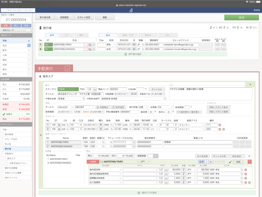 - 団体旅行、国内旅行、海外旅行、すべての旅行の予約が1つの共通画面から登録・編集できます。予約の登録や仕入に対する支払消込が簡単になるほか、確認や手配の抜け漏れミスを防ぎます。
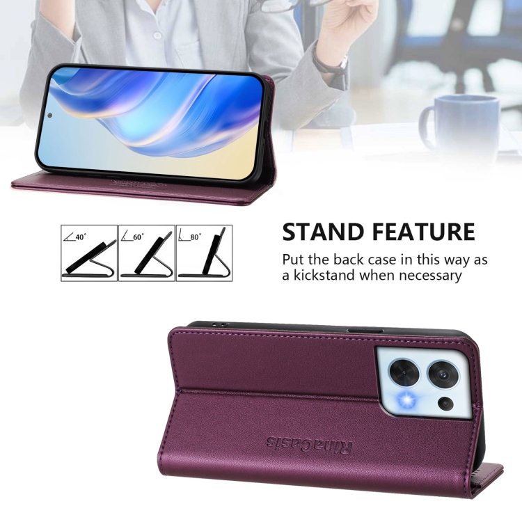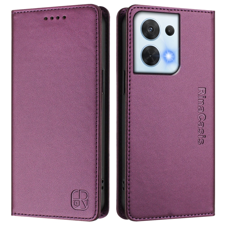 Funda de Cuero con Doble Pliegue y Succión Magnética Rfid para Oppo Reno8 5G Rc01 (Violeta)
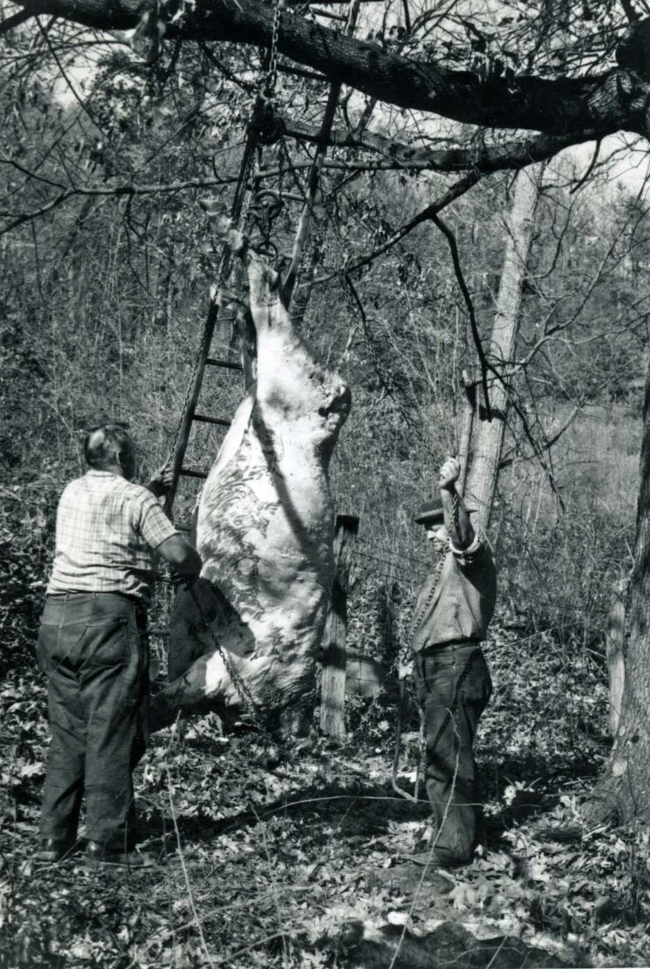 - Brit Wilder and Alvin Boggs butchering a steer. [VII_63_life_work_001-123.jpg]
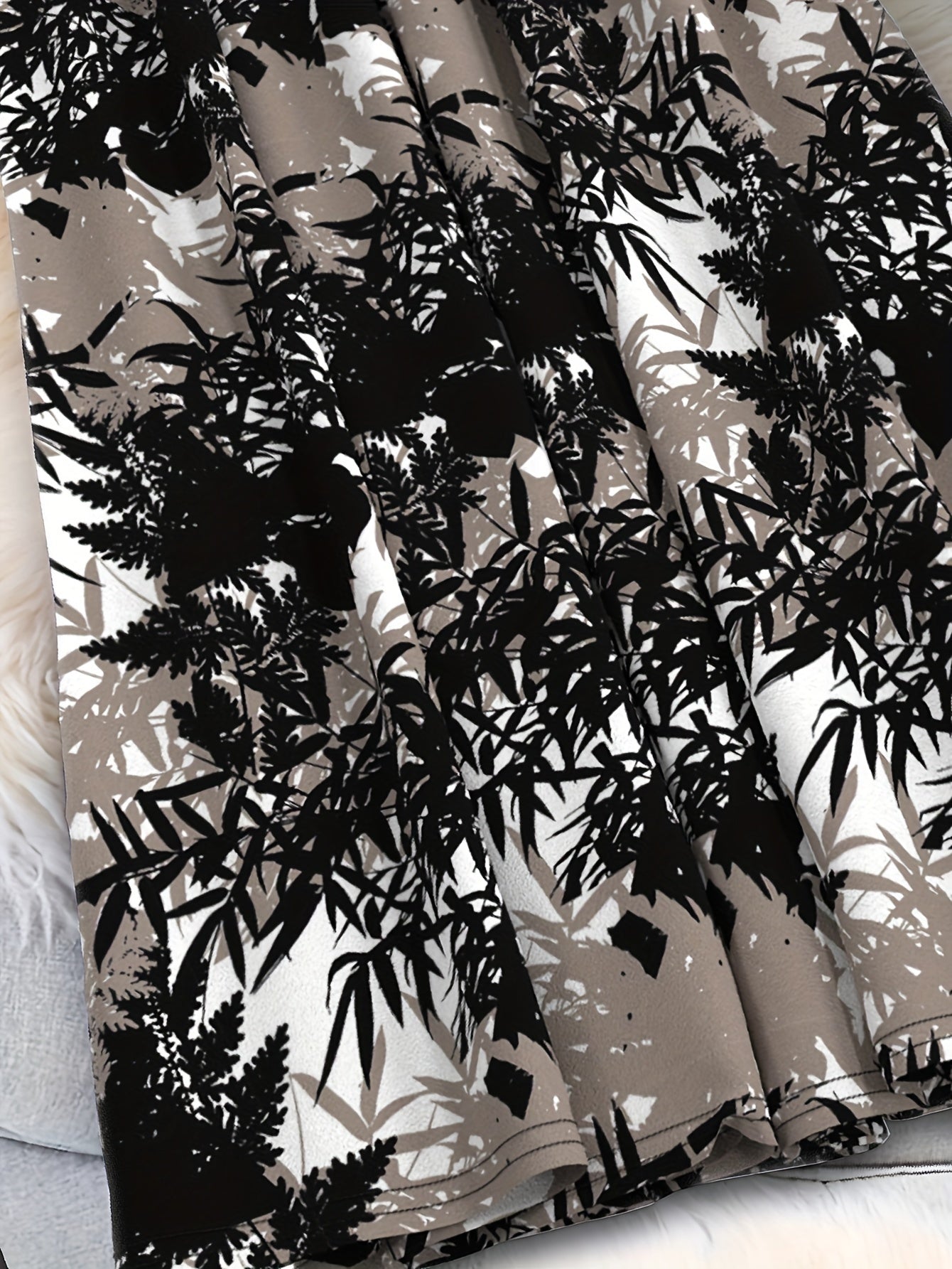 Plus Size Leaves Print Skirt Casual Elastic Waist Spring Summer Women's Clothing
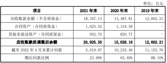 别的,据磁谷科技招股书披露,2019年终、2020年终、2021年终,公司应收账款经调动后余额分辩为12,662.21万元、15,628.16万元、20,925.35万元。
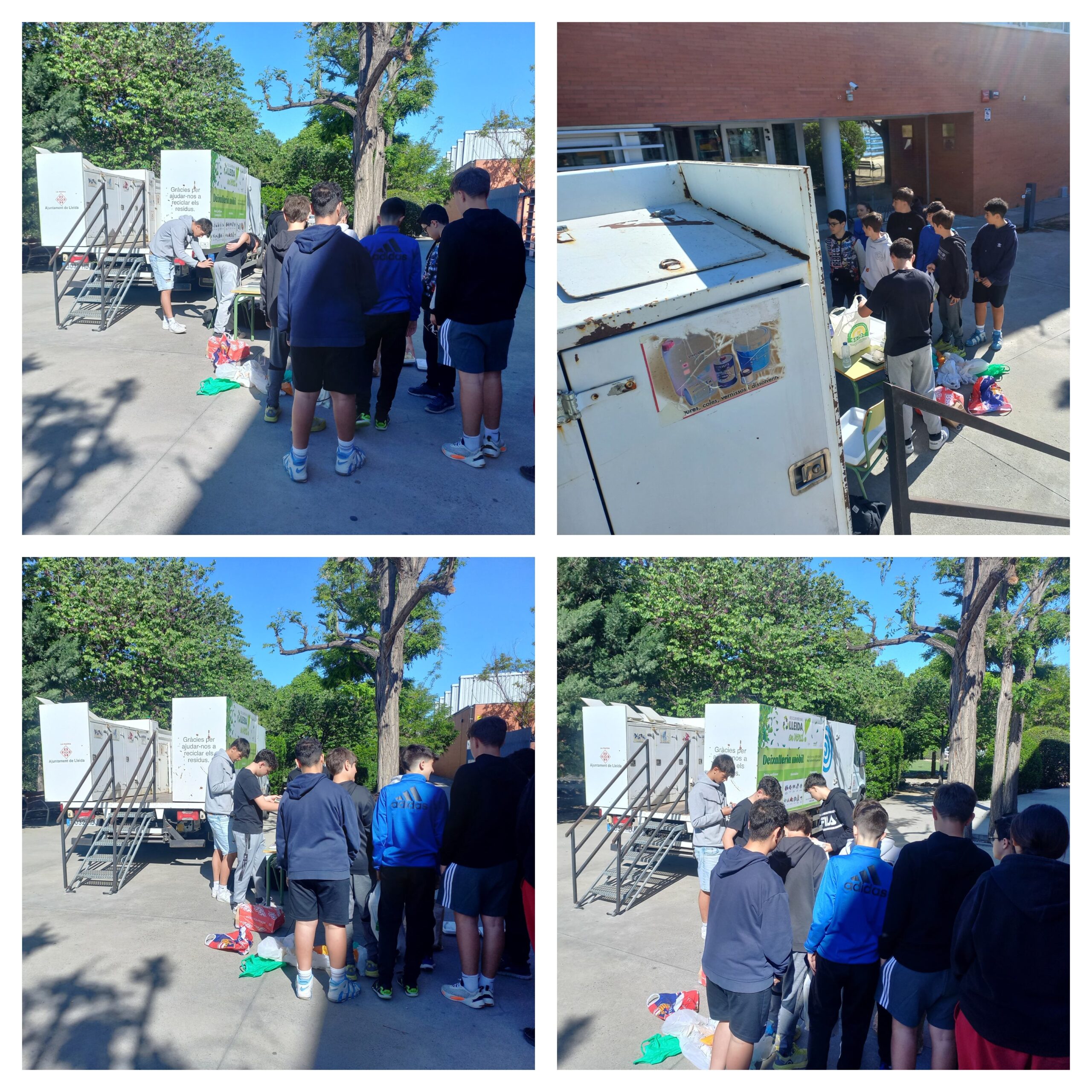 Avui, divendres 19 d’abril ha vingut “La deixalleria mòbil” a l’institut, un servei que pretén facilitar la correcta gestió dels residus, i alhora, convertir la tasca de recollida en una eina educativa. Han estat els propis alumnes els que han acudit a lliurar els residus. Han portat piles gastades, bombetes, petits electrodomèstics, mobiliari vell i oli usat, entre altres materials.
....................
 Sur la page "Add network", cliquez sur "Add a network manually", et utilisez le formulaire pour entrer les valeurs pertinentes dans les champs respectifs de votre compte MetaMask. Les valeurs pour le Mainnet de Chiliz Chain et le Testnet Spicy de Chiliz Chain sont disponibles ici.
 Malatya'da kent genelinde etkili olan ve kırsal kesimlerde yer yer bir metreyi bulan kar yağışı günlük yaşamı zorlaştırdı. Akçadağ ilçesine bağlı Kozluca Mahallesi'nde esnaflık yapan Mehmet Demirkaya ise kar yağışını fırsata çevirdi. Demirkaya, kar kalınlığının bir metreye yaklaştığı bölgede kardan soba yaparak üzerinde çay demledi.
....................
WORK TO BE COMPLETED - Word for word, retype the lines in the entries above that run from the one with "- Brit Wilder" through the one with "Avui, divendres 19". Both ends count; pictures do not.

REPLY TO THE EXERCISE -
 - Brit Wilder and Alvin Boggs butchering a steer. [VII_63_life_work_001-123.jpg]
 Plus Size Leaves Print Skirt Casual Elastic Waist Spring Summer Women's Clothing
 别的,据磁谷科技招股书披露,2019年终、2020年终、2021年终,公司应收账款经调动后余额分辩为12,662.21万元、15,628.16万元、20,925.35万元。
 Avui, divendres 19 d’abril ha vingut “La deixalleria mòbil” a l’institut, un servei que pretén facilitar la correcta gestió dels residus, i alhora, convertir la tasca de recollida en una eina educativa. Han estat els propis alumnes els que han acudit a lliurar els residus. Han portat piles gastades, bombetes, petits electrodomèstics, mobiliari vell i oli usat, entre altres materials.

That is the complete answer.